Computing retrieval times...
Items in cache 0: 00:00:00.0970000
Items in cache 1000: 00:00:00.9260000
Items in cache 2000: 00:00:01.7920000
Items in cache 3000: 00:00:02.6540000
Items in cache 4000: 00:00:03.4880000
Items in cache 5000: 00:00:04.3470000
Items in cache 6000: 00:00:05.2110000
Items in cache 7000: 00:00:06.2130000
Items in cache 8000: 00:00:06.8750000
Items in cache 9000: 00:00:07.7590000
Upon further investigation, I narrowed the 'culprit' down to the following code:
StatefulPersistenceContext.cs:325
/// <summary> Called after transactions end</summary>
public void AfterTransactionCompletion()
{
// Downgrade locks
foreach (EntityEntry entityEntry in entityEntries.Values)
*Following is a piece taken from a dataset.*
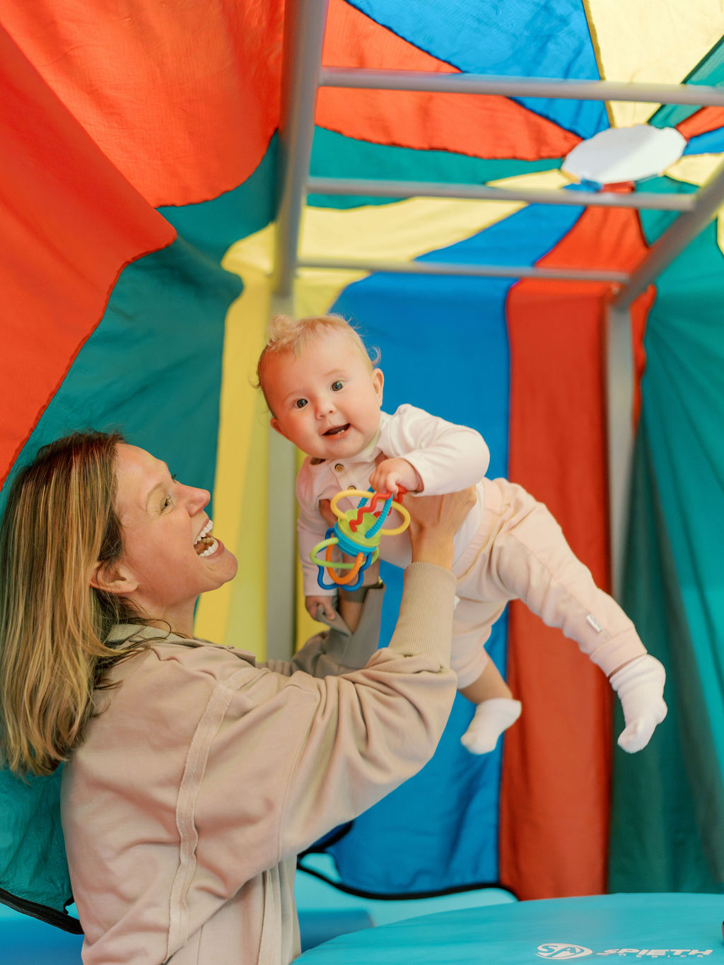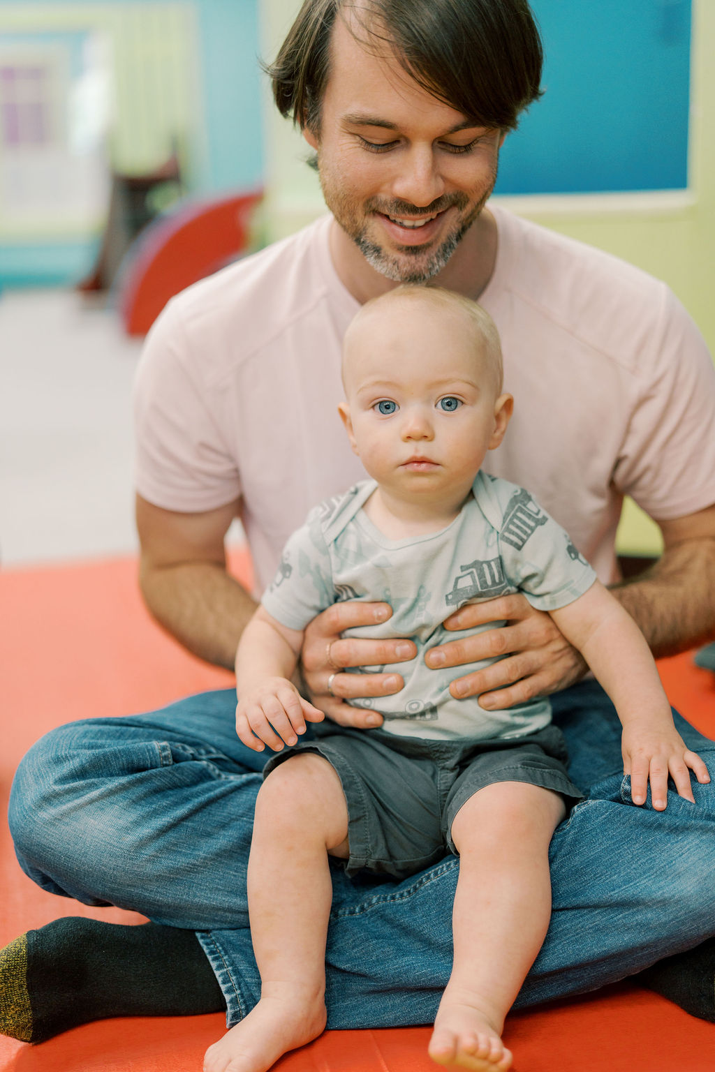 At Romp n’ Roll, our dedicated instructors are here to guide you and your baby as they embark on their journey to achieve critical developmental milestones. Our classes offer a delightful blend of learning and play, where you’ll engage in activities designed to support your baby’s core, neck, and back strength. With the aid of padded airlogs, you’ll have a blast while enhancing body awareness and encouraging language development through sign language during engaging storytime sessions. As your baby becomes more mobile, our well-designed padded stairs, ramps, and equipment cater to their evolving needs, facilitating the development of essential skills. Our babyproof and meticulously maintained environment ensures a safe and joyful space for both you and your baby to learn, explore, and grow together.

entityEntry.LockMode = LockMode.None;
}
So here it's seemingly unnecessarily setting the lock mode on entities that may or may not have been even touched, and, sure enough, commenting out this code caused the constant time access I expected from ISession.Get<T>(). I don't know much about the internals of NHibernate, so I don't know the reasoning for iterating over every entity, but I imagine this could be improved upon by maybe tracking what entities need to have their locks downgraded after the transaction completes.